Architects:
Louise Braverman Architects
Location: Kigutu
Burundi
Project Team: John Gillham, Jing Liu
Project Year: 2013
Photographer: Louise Braverman Architects
Website: www.louisebravermanarchitect.com
“The ultimate design problem: How do you do the most with the least? We needed to create transferable job skills. It's a seismic zone that requires 21st-century expertise.” Braverman
Located in the 40-acre village of Kigutu, a two and a half hour drive from Burundi’s capital and Designed by New York’s Louise Braverman, Architect, the 6,000-square-foot, 18-bed staff dormitory takes its inspiration from the local vernacular Architecture. The concrete structure is infilled with locally made bricks, and features deep porches that nod to the indoor/outdoor communal living spaces of the region and promote community engagement. Kigutu is entirely off the grid, and a solar array and solar hot water heaters located at the rear of the structure provide all power. Dug into the hillside as it is, the brightly colored dormitory takes advantage of the insulating land mass for natural cooling.
To encourage the Kigutu outdoor communal culture, the oversized public porch doors seamlessly connect inside. Similarly the private sleeping rooms, each with its own personal vividly colored entry porch, echo this semi-permeable sensibility. The porosity of the porches encourages sociability, enhances airflow into the adjacent sleeping rooms, and frames magnificent unobstructed transverse views of the landscape.
Sited partially below grade, the location of the building both reduced excavation costs and takes advantage of the earth’s natural insulation for temperature control.

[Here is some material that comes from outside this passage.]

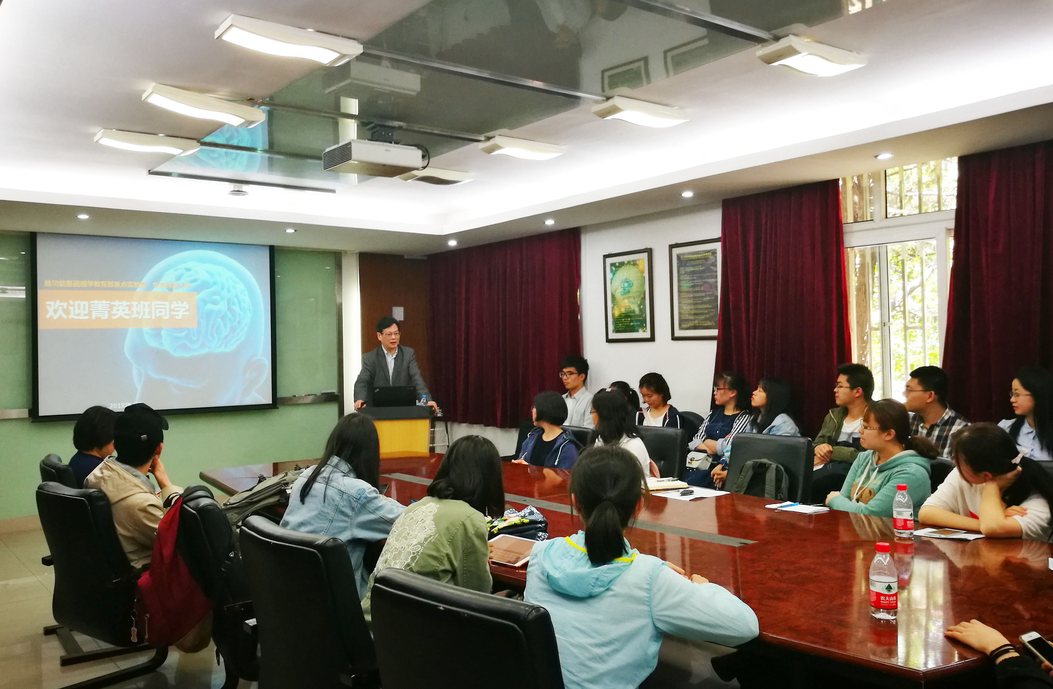 下午1点30分,菁英班的学生们到达了脑功能基因组学研究所,参观活动由林龙年教授的讲座开启,带领学生们循循探索大脑的世界。讲座开始时,林教授介绍了脑功能基因组学重点实验室的起源与发展历程。脑所最初创立自“聪明鼠之父”Pro. JoeZ. Tsien教授,现今除脑功能基因组外,还有脑网络的神经信息处理、脑环路研究共三个方向。为了让学生们更好地理解,教授以宇宙大爆炸为例,以进化的视角引入“智能”概念,为同学们厘清了神经生物学的发展脉络,最后切入如何解码大脑这个人类最后的科学谜题堡垒。林教授以自己的实验室对海马CA1区的研究为例,从HM的神奇案例到实验室中小鼠“窝概念”细胞的放电,同学们被这个全新的领域深深吸引。PPT上的视频使得老师的讲述更为生动——在多通道在体记录技术下,视频中小鼠看见形似“窝”的东西,如朝上放的盖子,“窝概念”细胞便会持续噼啪放电;而若是给小鼠吹来猫咪贴身物品上的“猫味”,对比香水、酒精、醋酸,小鼠的杏仁核会反映出长期自然选择下的恐惧放电。林教授生动细致的讲解让同学们目不转睛。讲座的最后,林教授提及美国脑计划中脑区全覆盖的概念,又将如今计算机信息编码、遗传信息编码与正在探究的大脑信息编码类比,邀学生们一同怀抱对美好未来的殷切期望。

The personal porches aren’t just significant in the social realm but enhance a three sided natural ventilation system which eliminates the need for mechanical air conditioning and ventilation. The location of the window openings also creates a natural stack effect that amplifies the airflow and are protected by the extended roof overhangs from the unforgiving tropical sun. However, all said, the greatest efficiency is the human efficiency. The villagers, using local bricks, manually built the housing, eliminating the need for fuel consuming machines and creating transferrable job training skills for members of the entire Kigutu community. These skills extend further than just this housing project and will be duplicated further in other projects in Kigutu that may have little or no contribution from this project team.
“Sustainability is not an added benefit in Kigutu. It is a necessity.” Braverman. This quote from the Architect sums the deceitful simple project in Kigutu and shows the importance of the skills learnt by the locals in the execution of the housing.